Preuves scientifiques

Des preuves scientifiques auraient toutefois permis son identification formelle.

En septembre 2014, Boudreault aurait été aperçu à rôder autour de deux résidences de la localité de Saint-Ambroise. Il n'aurait rien fait d'autre. Un mois plus tard, le 26 octobre, il s'est permis d'entrer dans une résidence privée et aurait profité de l'occasion pour agresser l'occupante.

Au départ, la victime croyait que son fils venait d'arriver à la maison. Il lui aurait mis les mains sur les épaules, ce qui n'était pas inhabituel. C'est lorsqu'il a descendu ses mains sur les fesses et dans le pantalon de la dame que celle-ci s'est rendu compte que ce n'était pas son fils.

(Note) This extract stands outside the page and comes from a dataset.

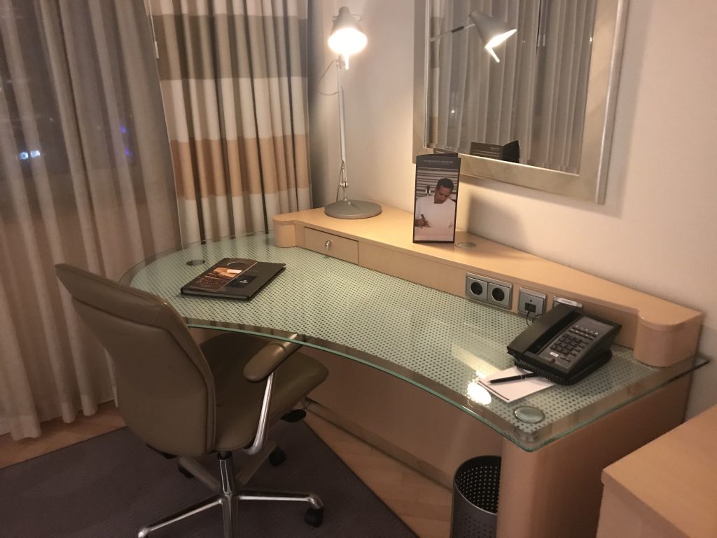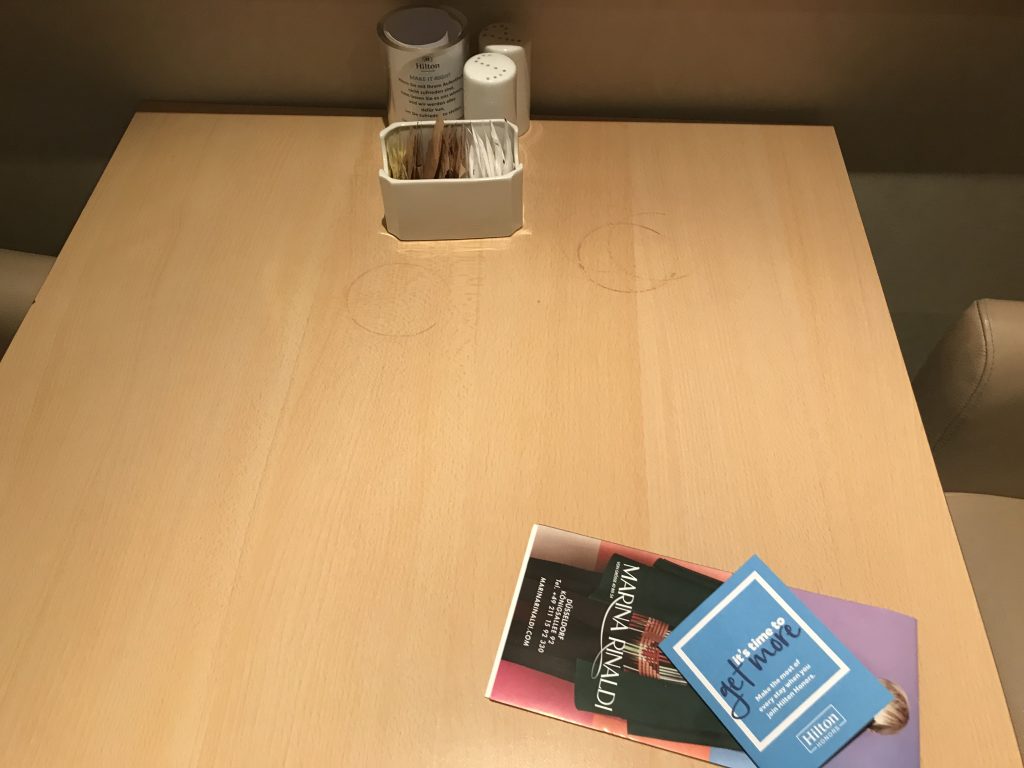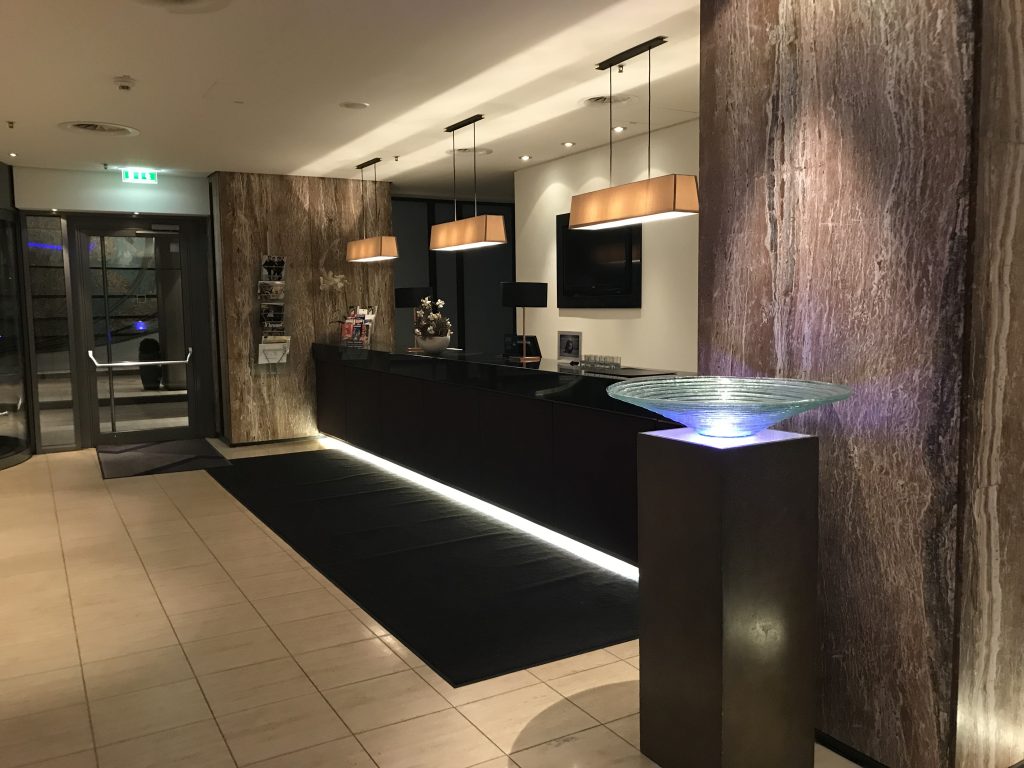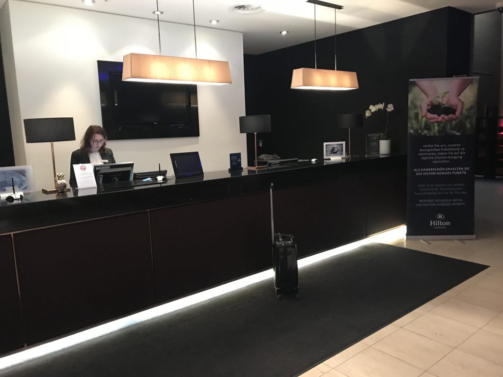 In der Lobby angekommen, wurde ich an der Rezeption sehr freundlich empfangen. Man bedankte sich für die Treue und wies auf die Vorteile des Hilton Diamond Status hin. So bekam ich ein Upgrade auf den Executive Floor und natürlich Zugang zur Lounge, sowieso kostenfreies Wlan und Frühstück. Das Frühstück konnte ich leider nicht mehr genießen, weil mein Flug, wie eingangs erwähnt, schon um 5:50 Uhr startete. Nach einer Unterschrift bekam ich die Zimmerkarte und mir wurden die Wege zum Zimmer und zur Lounge erklärt.

Elle a réussi à faire fuir l'agresseur.

«Mon client aurait dit à la dame qu'il la trouvait belle et qu'il avait envie de lui faire l'amour. Il en a profité pour tripoter les seins de la dame», a raconté Me Cantin.

Avant de reprendre sa liberté, Boudreault a écouté les accusations déposées contre lui. Il n'en menait pas large dans la boîte des accusés, surtout que sa conjointe et son beau-père se trouvaient sur place.

Maintenant qu'il peut retourner chez lui, Michel Boudreault a accepté de se plier à plusieurs conditions énoncées par Me Jean-Sébastien Lebel, de la Couronne. Il lui sera notamment interdit d'entrer en contact avec la victime et il devra absolument prendre un rendez-vous avec son médecin traitant et rencontrer une travailleuse sociale.

Le dossier doit revenir devant le tribunal le 22 février.